In its treatment of paedolphilia, Happiness raises other disturbing issues, chiefly the casting of children and the huge responsibilities which that entails. "I take your point," Solondz says. "That was the most daunting challenge of the whole production, to find the kids who would be right for these roles - and the parents who would come with them - the whole package. Because you can't go into something like this without the support of the parents.
"The parents were always there every day with their kids. The kids did read the whole script and they discussed it with their parents. I never felt it incumbent upon me, or appropriate for me to explain any of the issues to them. "I still don't know what the boy who played Rufus, the psychiatrist's son, understood or what he didn't understand. But I didn't want to tamper with any of that because part of the whole point is that his character is in the process of trying to figure out and understand what's going on.
"My job, as I saw it, was to make him feel comfortable, to feel a sense of trust. I know that many people will say how can parents allow their child to do something like this. "All I can say is that I'm very admiring and supportive of these particular parents and the way they dealt with their child. I'm much more offended by parents who encourage or foist their children on television commercials selling detergent or whatever. "I think that cheapens the meaning of childhood. I think that's the obscenity. It removes the child's dignity."
Todd Solondz believes that there is a more acutely felt sense of alienation in America than in anywhere else in the world. And that for all the American declarations of family and family values, that there's a real lack of a sense of family in the US.
"In America they talk about family being important, but I think that's because they're so despairing of the nature of family in America. I don't know anyone who can say they come from a close family. "You get so many families where a sister lives in Los Angeles, say, while her brother's in Boston, and their parents, if they are not divorced, are in Arizona. And yet they call themselves a close family. You have to question the nature of that closeness.
"The wonderful thing that comes from this is the freedom from constraint and tradition whereby you can reinvent or recreate yourself. "Yet at the same time there's a kind of fallout where you are more vulnerable to feeling disconnected and isolated. Because we don't have that foundation of family which get in other parts of the world."

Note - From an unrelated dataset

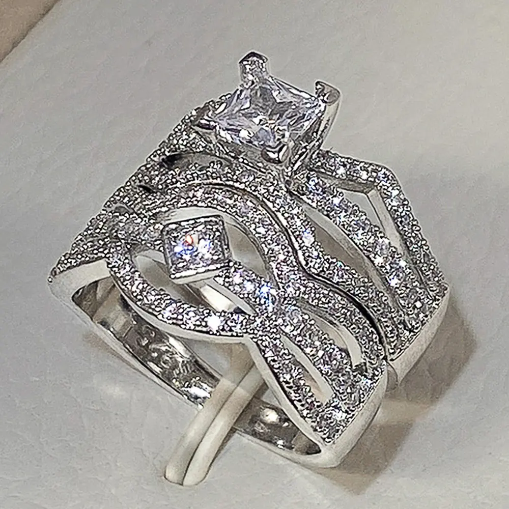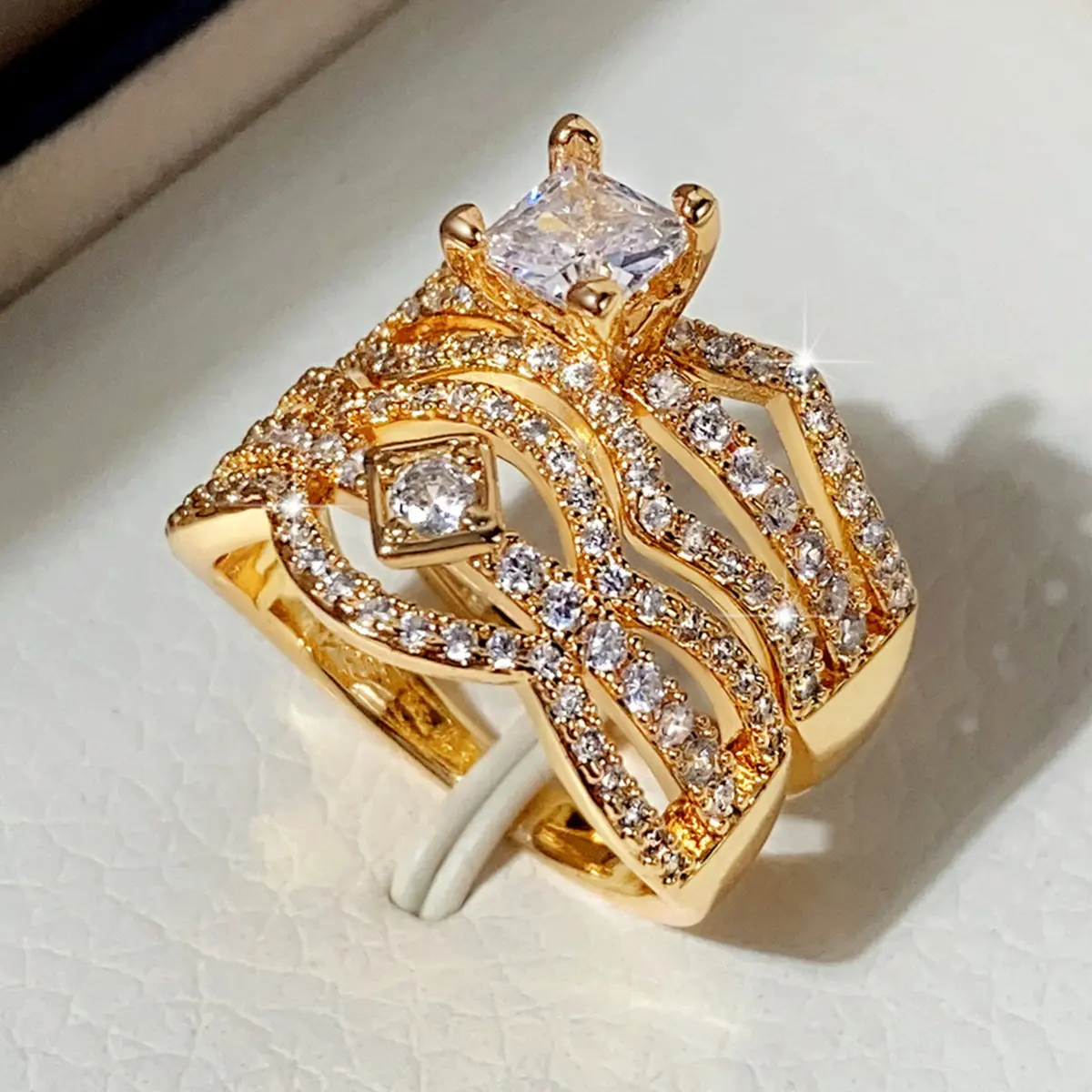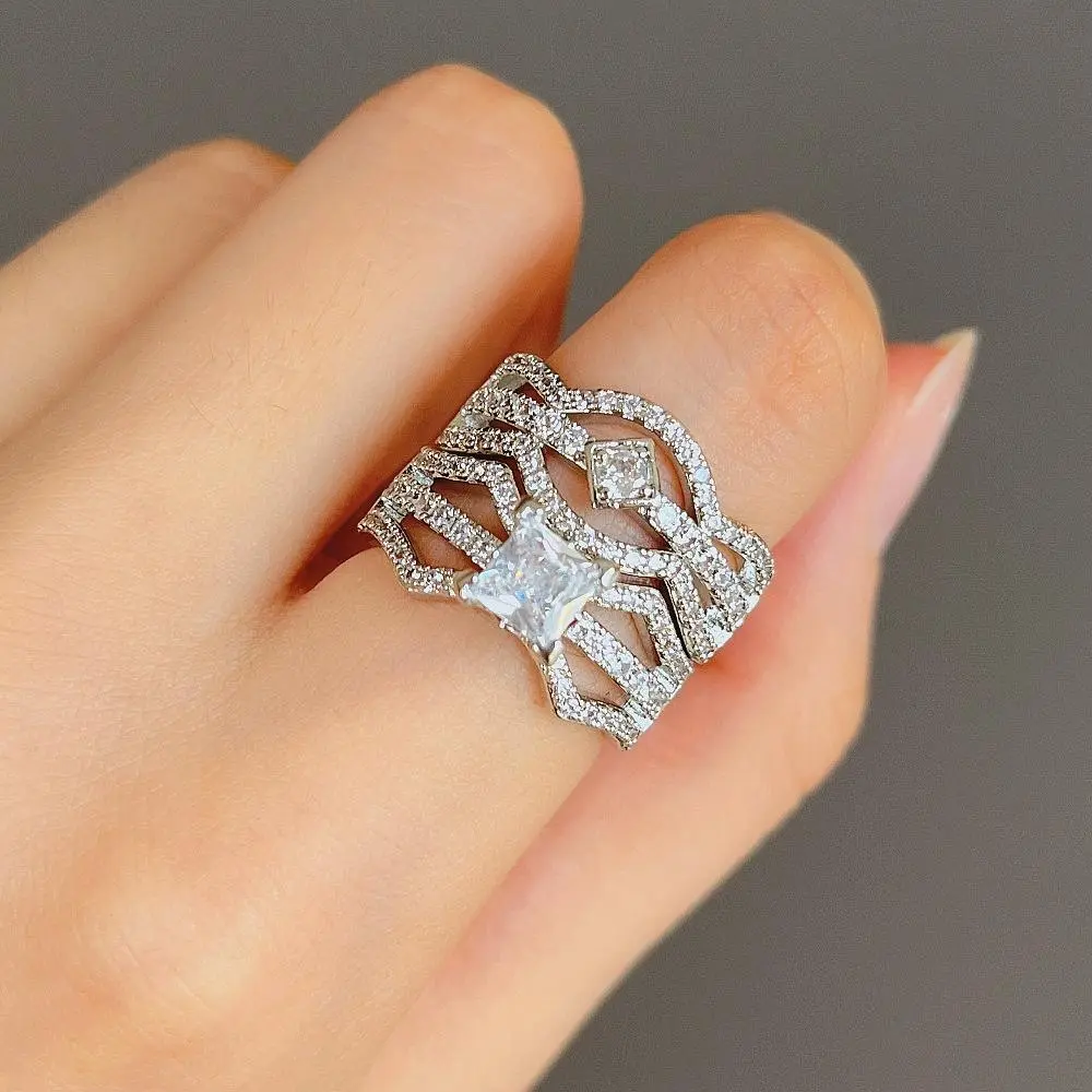 ·👑 3-Piece Stackable Set: Interlocking design allows wear as a single statement ring or stacked for a bold, glamorous effect, ideal for engagement, weddings, and parties.

Even if he had the budget, which he didn't, Solondz says that he would not have cast movie stars in Happiness because he wanted all the characters to seem like regular people, the kind you see or meet in the supermarket, and he chose generally unfamiliar actors drawn from theatre and the US independent sector.
He cites Dylan Baker, an award-winning stage actor who has worked mostly in supporting roles in film and television, whom he cast in the demanding role of Bill Maplewood, mild-mannered family man, psychiatrist - and child molester.
"Dylan was brave to take this on," Solondz says. "He made Bill so real. He brings true genius to a character who's very disturbing and unsympathetic, and yet he manages to make him somehow sympathetic. "And that was the tough nut to crack - for all his vileness, there was a soul there that, as distasteful as it might be, one felt something for.
"Because I knew I was dealing with extreme forms of behaviour I didn't want it to emphasise the way I would cast or design the movie. The whole modus operandi was about restraint. "Given that the script was so far out there, I wanted to pull back. You go into this house, the Maplewood home, and you feel it's comfortable. It's not tacky, it's not kitsch, it's not a joke. It's very regular."